人間心理学に基づいてソーシャルメディアでシェアする動機を考える

 2017.12.22  LeadPlus

なぜ人は、ソーシャルメディアでシェアするのでしょうか?

コンテンツマーケティングを実践しているとシェアされるコンテンツ、されないコンテンツがあります。シェアされれば嬉しいですし、されなければ悲しいものですよね。

弊社のブログでも自然検索からの流入に加えて、ソーシャルメディアからの流入も馬鹿にならないほどの量に達しています。ソーシャルメディアから流入したユーザーが顧客化したケースもありますので最近はソーシャルメディアの重要性も強く実感しています。

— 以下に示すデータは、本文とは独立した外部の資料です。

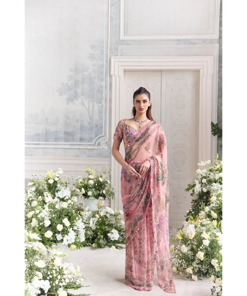 EMBROIDERED CHOLI CUT BLOUSE PAIRED WITH EMBROIDERED PREDRAPED SAREE

現在、多くのユーザーは、検索エンジンを通して直接情報を得ることに加えて、ソーシャルメディア上に流れてきたコンテンツで、個人的に興味のある内容に何かしらのアクションを起こす傾向があります。

コンテンツマーケティングで、ユーザーからシェアされたいと思うのであれば、多くの人にシェアされる記事を書かなければなりません。

そのためには、なぜ人はシェアするのかという動機を知り、拡散されるコンテンツの特徴を知っておけば、ソーシャルメディアから多くのアクセスが得られるようになるでしょう。今回はそのシェアする動機やシェアされる記事に書き方についてご紹介します。

シェアする心理的理由について

まずは、人間がなぜソーシャルメディア上でシェアしてしまうのか、その理由についてご紹介します。

有益で価値ある情報だから

人間には、共感や感動した出来事を他人と共有したいという感情があります。

例えば、自分にとって非常にためになる情報をたまたまインターネットで見つけた時に、その情報をシェアしたくなった経験はないでしょうか?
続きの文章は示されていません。